EPSDT Care for Kids Newsletter

 

Child Sexual Abuse and the Primary Care Provider
Kathleen Opdebeeck, MD
Summer 2003 

 

 

 

 

 

 

How many children are sexually abused? 
By age 18:

12% to 25% of all girls 

8% to 10% of all boys

Pediatric Review
Vol. 17, 1996

Primary care providers often perform the exam that first raises suspicions that a child has been sexually abused. When this happens, the provider must act in a way that may appear to conflict with their roles of family advocacy and support. Objectivity may be difficult. 

Often it is a child’s behavior that suggests abuse.
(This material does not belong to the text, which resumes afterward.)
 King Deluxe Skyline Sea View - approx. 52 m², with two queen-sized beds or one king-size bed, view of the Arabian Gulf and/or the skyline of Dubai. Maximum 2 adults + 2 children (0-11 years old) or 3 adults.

A health care provider needs be knowledgeable about typical child behavior at various developmental levels.

In children, behaviors that are cause for concern include:

  1. Anxiety, fearfulness, withdrawal
  2. Sexual play or sexual acting out not appropriate for developmental level
  3. Sleep disturbances
  4. Somatic complaints
  5. Change in school performance
  6. Low self esteem, depression, self-injurious behavior

Providers also need to be aware of family issues such as domestic abuse, substance abuse, interpersonal boundary issues, and divorce or separation of the parents (see Factors that Place Children at Risk, EPSDT Care for Kids Newsletter, winter 2003). Information about training resources related to diagnosis and treatment of child sexual abuse can be found on page 5.

The medical examination

Most physicians formulate an initial diagnosis based on the patient’s history. They then perform a medical examination, and use what they learn to refine that diagnosis. But in child abuse cases, diagnostic criteria may be flawed.
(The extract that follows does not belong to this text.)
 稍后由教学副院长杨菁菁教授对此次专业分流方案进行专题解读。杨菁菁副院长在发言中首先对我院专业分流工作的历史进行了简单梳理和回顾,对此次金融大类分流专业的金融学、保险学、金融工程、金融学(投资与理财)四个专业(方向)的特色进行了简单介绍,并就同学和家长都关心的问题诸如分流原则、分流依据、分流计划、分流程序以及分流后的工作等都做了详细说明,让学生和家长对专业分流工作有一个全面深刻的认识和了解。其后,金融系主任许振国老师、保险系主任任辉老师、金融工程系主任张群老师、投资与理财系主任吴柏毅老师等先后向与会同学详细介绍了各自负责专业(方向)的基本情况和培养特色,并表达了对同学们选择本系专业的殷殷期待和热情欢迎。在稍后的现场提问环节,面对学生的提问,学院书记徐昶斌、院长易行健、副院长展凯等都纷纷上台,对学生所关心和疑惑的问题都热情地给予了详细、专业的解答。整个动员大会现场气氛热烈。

Results of a physical examination will be within normal limits in 80% of child victims of sexual abuse.
                         Pediatrics
, 1994

Most children do not spontaneously disclose sexual abuse. When a child who may have been sexually abused is seen in a primary care physician’s office, the physician should be supportive, ask open-ended non-leading questions, and not draw hasty conclusions.  Both the child and the parent should be prepared in a calm and reassuring atmosphere. A hostile, crying mother will upset the child and affect the physician’s objectivity.
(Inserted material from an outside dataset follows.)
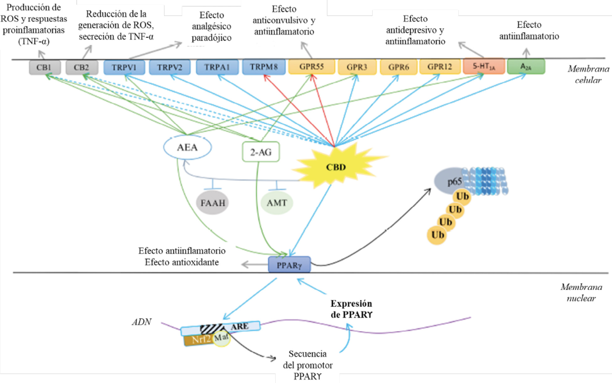 Figura 3. Efectos terapéuticos de CBD (2) según su interacción con distintos receptores.

It is important that all alleged victims of child sexual abuse have a medical exam. A complete general exam should be performed first. Then a genital exam should be carried out to look for signs of trauma or infection that need urgent treatment.

During the medical exam:

  1. Identify and treat injuries
  2. Screen for infections and pregnancy
  3. Give anticipatory guidance as appropriate to the developmental level of the child
  4. Reassure the child; for example, that they are normal, that they are not to blame, that they are virgins
  5. Document findings for court use

Physical findings of sexual abuse are often nonspecific or absent. Molestation may not produce injuries. Injuries may be superficial and heal in a few days. Even if penetration has occurred, there may be no physical evidence. Some variations may be normal or nonspecific. Small areas of irritation or abrasions on the external genitalia may be diagnosed as sexual abuse when they are really the result of poor hygiene, diaper irritation, scratching, or bubble baths.

Physical indicators and sexual abuse

Health care providers are working to standardize the terms that describe the physical indicators of sexual abuse. These indicators can be categorized as:

Category 1 - Normal

Category 2 - Non-specific

  • Redness, inflammation
  • Labial adhesions
  • Small fissures, bruises or lacerations in the genital or perianal region
  • Vaginal discharge
Physical findings that should raise concerns of sexual  abuse

Category 3 - Specific

  • Unexplained vaginal or perianal injuries or bleeding
  •  Unexplained recurrent pain in the genital or perianal area
  • Recurrent vaginal or urinary tract infections
  • Healed lacerations of the hymen or vaginal mucosa
  • Enlarged hymeneal opening
  • Venereal disease (confirmed by lab), sexually transmitted infections

Category 4 - Definitive

  • Pregnancy
  • Sperm

Colposcopy

A colposcope is a special microscope that is used to examine cervical and vaginal tissue. It looks like a pair of binoculars mounted on a stand, and has its own light source. A still or video camera can be used with it during an examination. Use of a colposcope requires training and experience or misdiagnosis may occur.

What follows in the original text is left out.